Maria is de moeder van alle gelovigen, zij staat voor de kerk, de verzameling van leerlingen. Wat in haar nog belofte is, moet ook in óns tevoorschijn komen. De kerk is, net als Maria, klein, onbeduidend, en zeker in onze contreien wordt ze steeds kleiner en onbeduidender. Maar in de schoot van haar geloof leeft de zekerheid van de belófte. De kerk is geen organisatie die met spierkracht het rijk van God van de grond moet tillen, geen uitbaatster van een rijk aanbod aan religieuze artikelen. De kerk is Maria: een warme schoot waarin verlangens en verwachtingen worden gekoesterd over wat van Gód moet komen omdat mensen er onmachtig toe zijn.

Wíj zijn kerk, hier in Denekamp, gemeenschap van gelovigen.

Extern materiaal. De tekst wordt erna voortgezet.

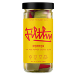 Filthy Pepper Olives feature premium olives infused with a bold, spicy pepper flavor, delivering a vibrant and zesty taste. These olives provide a perfect balance of savory brininess and heat, making them an excellent choice for cocktails, charcuterie boards, or snacking.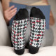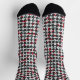 Estos calcetines tienen un patrón retro de tablero de ajedrez con piezas de ajedrez y un tablero de ajedrez con símbolos atómicos. Un gran patrón de ajedrez perfecto para cualquier amante moderno o amante del ajedrez de mediados de siglo. Se puede hacer el patrón de ajedrez más grande o más pequeño en estos calcetines.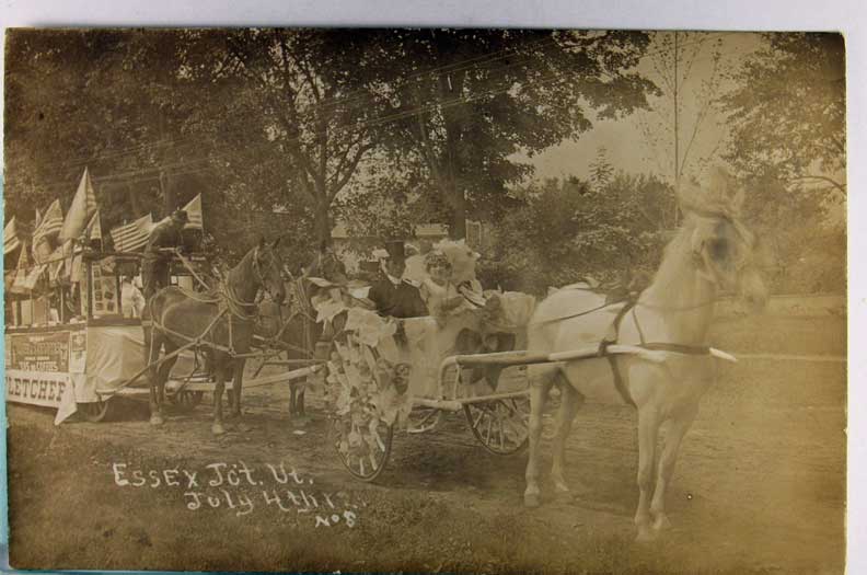 Card # 195090. View Larger | Rotate H0rse-Drawn Parade Float, Real Photo w/ AZO P.C. back, Essex Jct., Vermont VF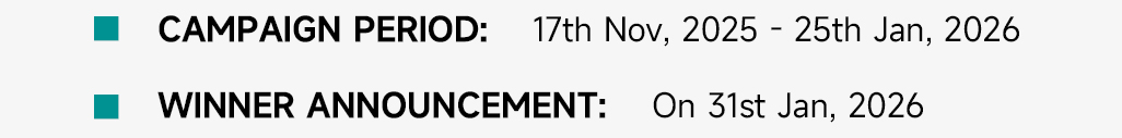 2. Campaign Period: From 12:00 AM GMT on November 17, 2025, to 11:59 PM GMT on January 25, 2026. The entry submission period ends on 11:59 PM GMT, January 25, 2026.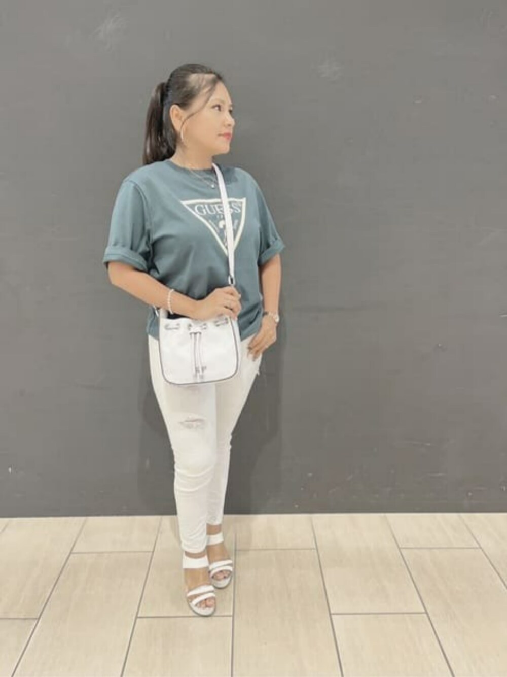 GUESS JAPAN(GUESS JAPAN)のハンドバッグ「GALERIA Bucket」を使ったコーディネート

Maria is ons voorbeeld, het voorbeeld van we zíjn en vooral nog moeten worden: gelóvigen die een geloofswaarheid koesteren die tot in de hemel reikt, tot in Gods eigen domein. ‘Heersers wordt de troon ontnomen, mensen van niets worden verheven, die hongeren naar gerechtigheid overladen met het goede der aarde.’ Zó komt Maria in het Paasverhaal voor, zó komen wíj in het Paasverhaal voor.

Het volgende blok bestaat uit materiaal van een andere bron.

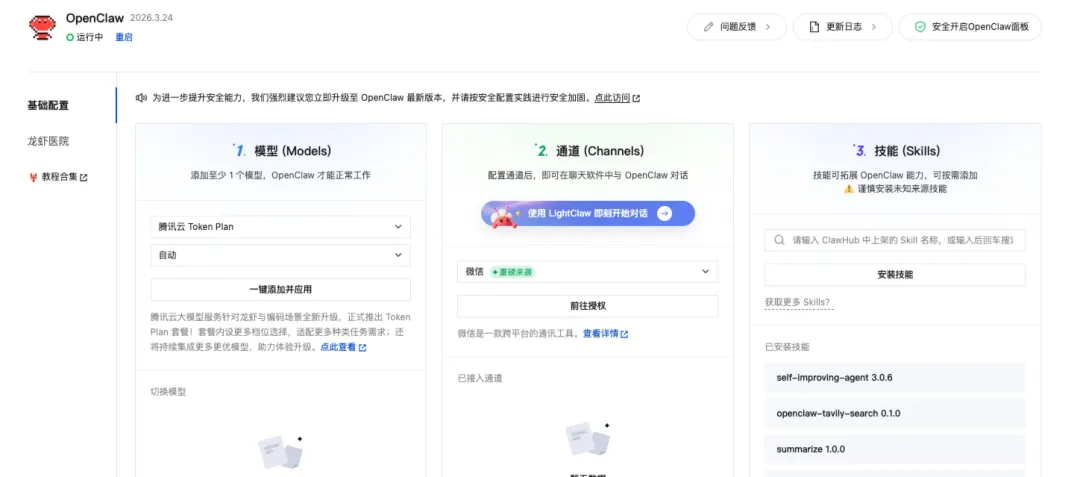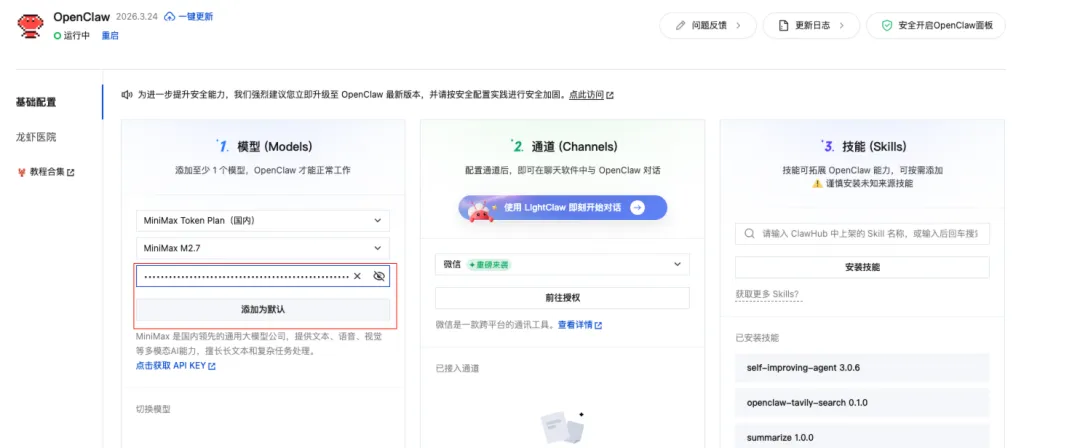 点击配置按钮,就来到OpenClaw的配置页面。

Gewoon, door te beginnen met erin te gelóven: íeder mens draagt de goddelijke capaciteit in zich om anderen lief te hebben zoals God, ik en jij; niemand afschrijven; altijd blijven hopen; elke dag het Magnificat zingen, zeggen en bidden; en Gods geboorte durven zien in een mens die tot zijn recht komt, onterechte mensen voorop. Ermee begínnen is genoeg. Want door ermee te begínnen treed je al de hemel binnen. Zoals Maria. AMEN

Wanneer je de evangelies doorleest, zul je merken dat er in de loop van dat verhaal steeds mínder over Maria als moeder van Jezus gezegd wordt. Ná het lijdensverhaal horen we zelfs niets meer over haar, ook in de Paasverhalen komt ze niet voor. Heel stilletjes verdwijnt ze uit het zicht. Waar is ze gebleven? Ze is iemand anders geworden. Want op het kruis gaf Jezus zijn moeder weg aan zijn geliefde leerling, aan óns dus. Hij zei tegen Maria: ‘Vrouw, kijk goed, dát is je zoon.’ En tegen de leerling: ‘Kijk goed, dát is je moeder.’ Ze is dus ónze moeder geworden, zij in de hemel, wíj op aarde.